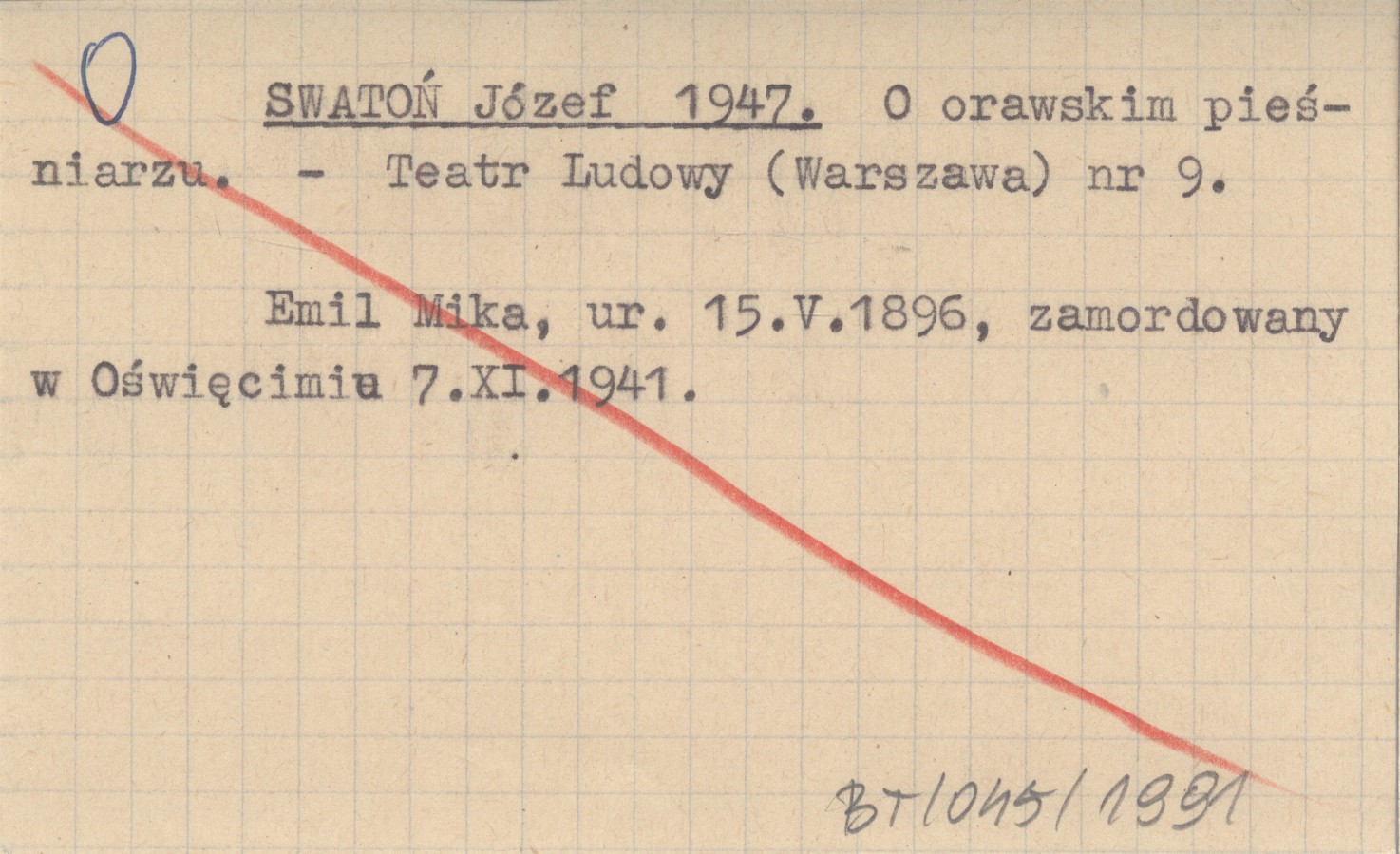 Teatr Ludowy (Warszawa) , 33, nr 9: 424-425. Emil Mika, ur. 15 V 1896, zamordowany w Oświęcimiu 7 XI 1941.
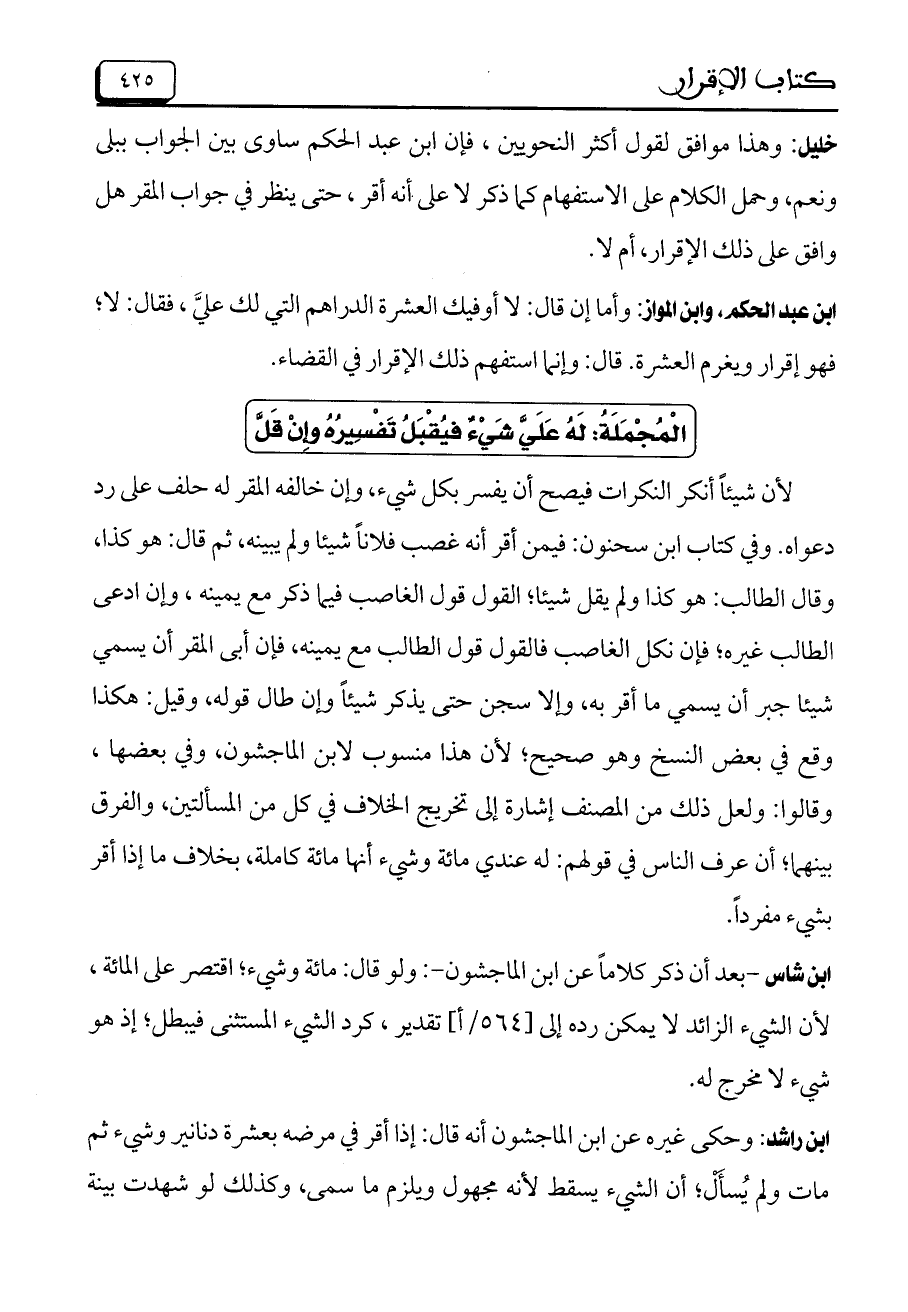 الْمُجْمَلَةُ: لَهُ عَلَيَّ شَيْءٌ فيُقْبَلُ تَفْسِيرُهُ وإِنْ قَلَّ
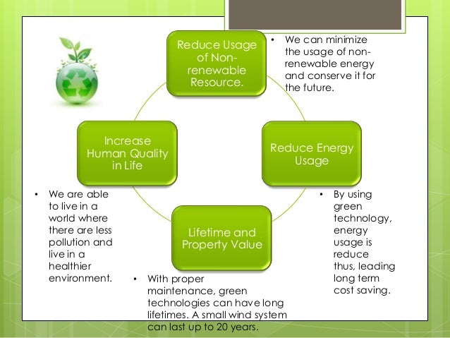 Green technology also green tech. Green products are by definition environmentally friendly. Overall green tech concentrates on sustainable innovation which factors in short-term and long-term environmental effects.
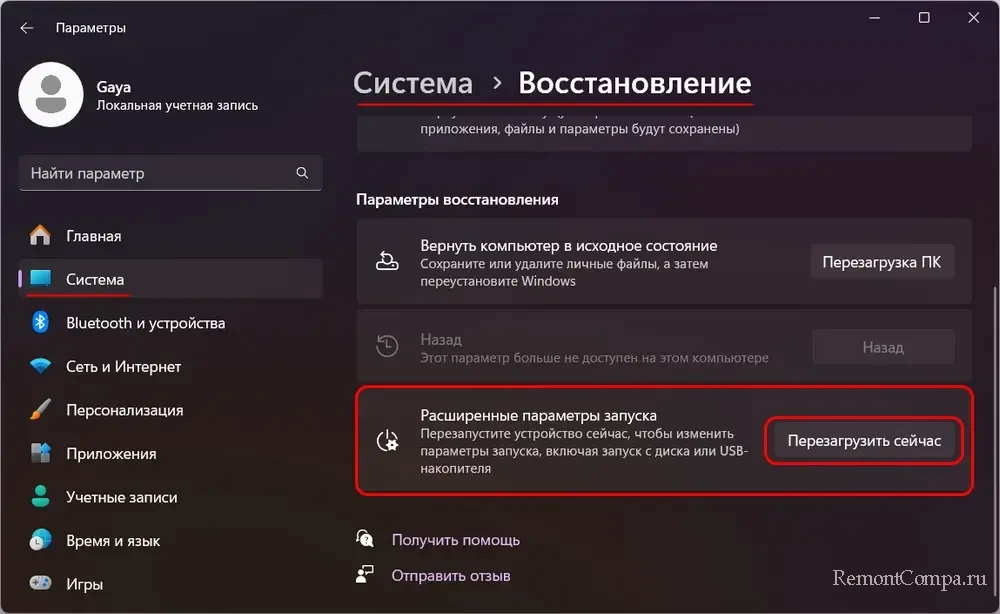 Для входа в безопасный режим Windows 11 в системном приложении «Параметры» идём по пути:
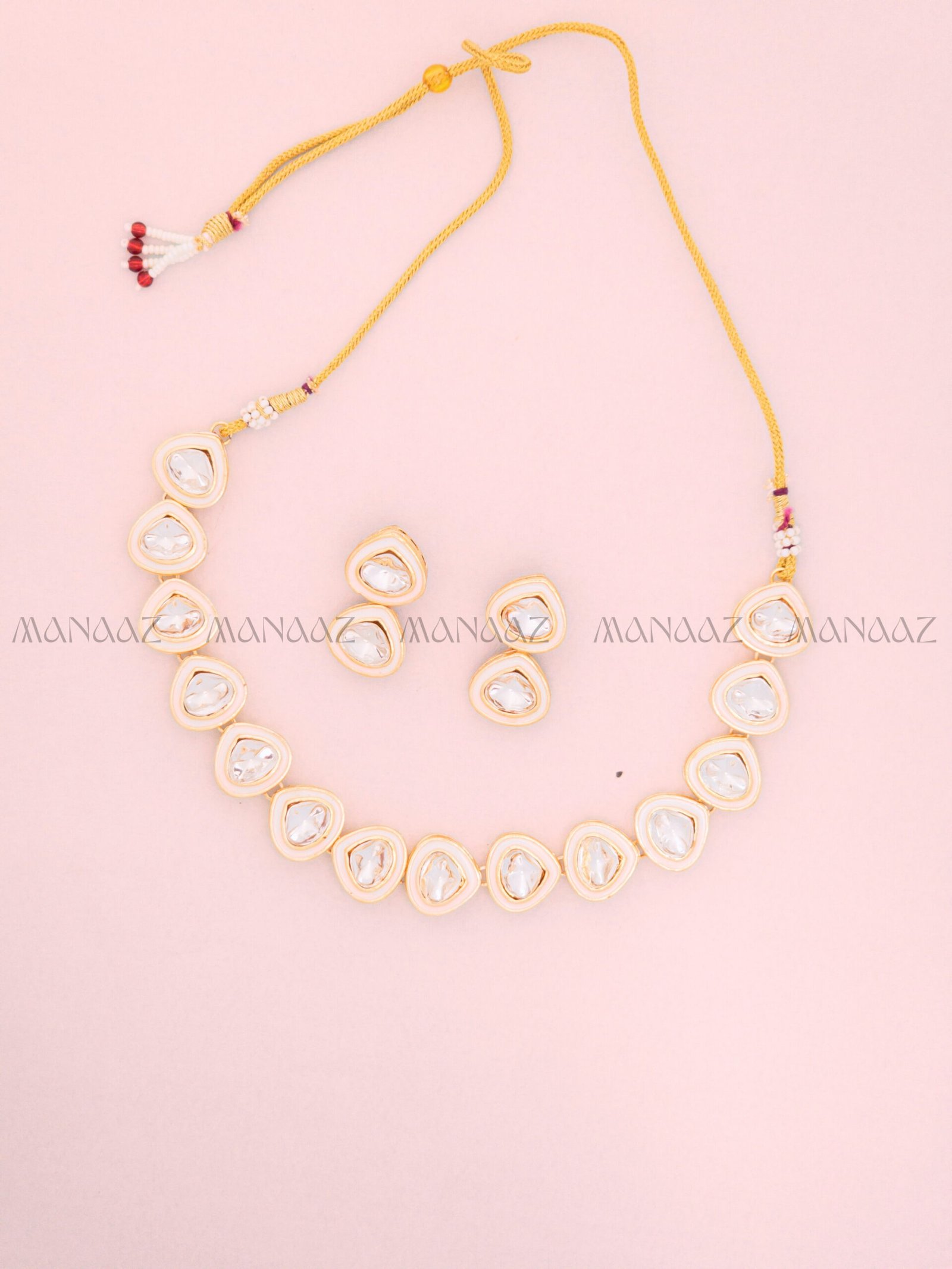 The Triangula Kundan Choker is a stunning piece that delivers the classic, luminous elegance of Polki-style imitation stones in a clean, contemporary design. This close-fitting choker features a continuous line of uniform, connected opaque white imitation stones, each cut into a beautiful, soft triangular or teardrop shape. The setting around each stone is deliberately thick and polished, giving the choker a substantial, authentic Kundan/Polki feel. The simplicity of the design, with no dangling drops or heavy embellishments, makes it versatile and modern. The set is completed with matching stud earrings that echo the triangular motif. This piece is perfect for adding a touch of pure, traditional luster to any ensemble, sitting gracefully just above the collarbone.

===

§ What you need to do:
Exactly as they appear above, give the records again, without their pictures.

§ Task output:
 Teatr Ludowy (Warszawa) , 33, nr 9: 424-425. Emil Mika, ur. 15 V 1896, zamordowany w Oświęcimiu 7 XI 1941.
 الْمُجْمَلَةُ: لَهُ عَلَيَّ شَيْءٌ فيُقْبَلُ تَفْسِيرُهُ وإِنْ قَلَّ
 Green technology also green tech. Green products are by definition environmentally friendly. Overall green tech concentrates on sustainable innovation which factors in short-term and long-term environmental effects.
 Для входа в безопасный режим Windows 11 в системном приложении «Параметры» идём по пути:
 The Triangula Kundan Choker is a stunning piece that delivers the classic, luminous elegance of Polki-style imitation stones in a clean, contemporary design. This close-fitting choker features a continuous line of uniform, connected opaque white imitation stones, each cut into a beautiful, soft triangular or teardrop shape. The setting around each stone is deliberately thick and polished, giving the choker a substantial, authentic Kundan/Polki feel. The simplicity of the design, with no dangling drops or heavy embellishments, makes it versatile and modern. The set is completed with matching stud earrings that echo the triangular motif. This piece is perfect for adding a touch of pure, traditional luster to any ensemble, sitting gracefully just above the collarbone.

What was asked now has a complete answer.